= Palmroth =

==Origin==

The Palmroth surname originated in the 1600s in Arboga, Sweden, with Jon Jonsson, the town's mayor, who adopted the name Palmgren for his children. His daughter Elisabeth Palmgren married Nils Svensson, a trader and city councillor. Their children took the name Palmroth, likely due to the maternal line lacking male heirs and the family's growing distinction.

Of their sons Anders became head librarian at Uppsala University, Johan Palmroth a professor of theology and Petter a royal church auditor in Stockholm, under gouvernor Gyllenstierna, overseeing parish finances.

Petter married Elsa Tiesen, of German or Dutch origin. Their children included: Petter Jr., a royal court secretary and Carl, who joined the army young, served in the Great Northern War, and settled in Ruovesi, Finland as a nimismies (police chief/local administrator). His son and grandson continued in this role.
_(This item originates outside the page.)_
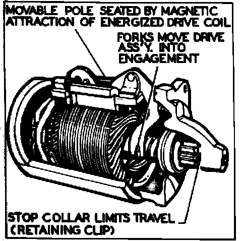 When the ignition switch is turned on to the start position, the starter relay is energized and supplies current to the motor. The current flows through one field coil and a set of contact points to ground. The magnetic field given off by the field coil pulls the movable pole, which is part of the lever, downward to its seat. When the pole is pulled down, the lever moves the drive assembly into the engine flywheel, Fig. 2.
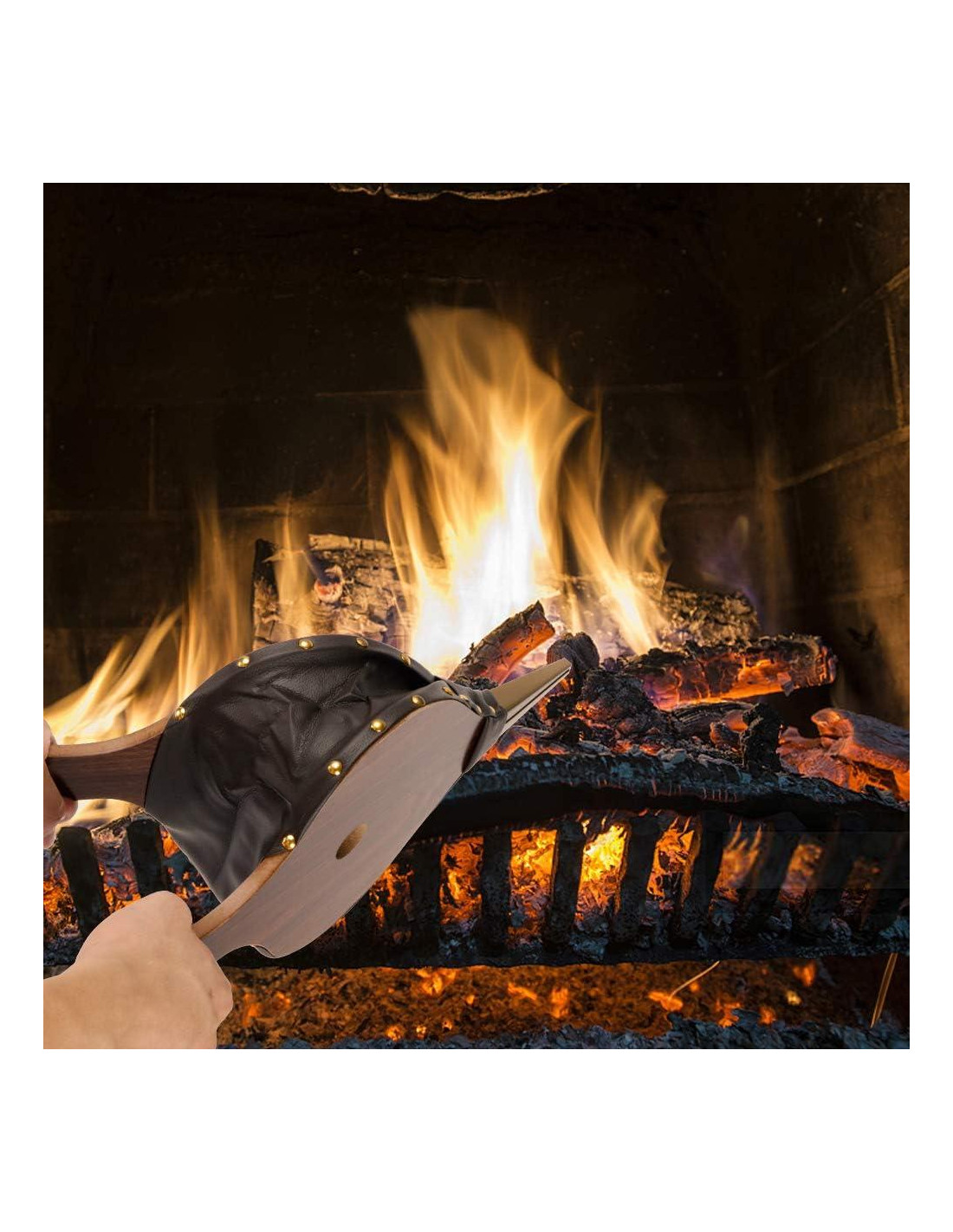 - [MATERIAL PREMIUM] Nuestro soplador de chimenea de madera está hecho de material de madera maciza real, acabado duradero con recubrimiento en polvo, apariencia elegante. La alta calidad del remache asegura que se clava firmemente en el soplador y no se caiga. Hecho de cuero resistente al calor y materiales de madera que no queman tus manos.

The Palmroth name spread in Finland, partly through descendants, Petter Palmroths grandson Johan Palmroth also ended up in Finland after joining the Swedish Army, but also by locals adopting it from local Swedish officials like Carl and Johan Palmroth.

==Geographical distribution==

Palmroth is a Swedish-language surname, more common in Finland than in Sweden.

As of 2014, 57.5% of all known bearers of the surname Palmroth were residents of Finland (frequency 1:20,743), 25.2% of Sweden (1:84,886), 8.9% of Germany (1:1,956,796), 6.3% of the United States (1:12,456,941) and 1.7% of Estonia (1:165,209).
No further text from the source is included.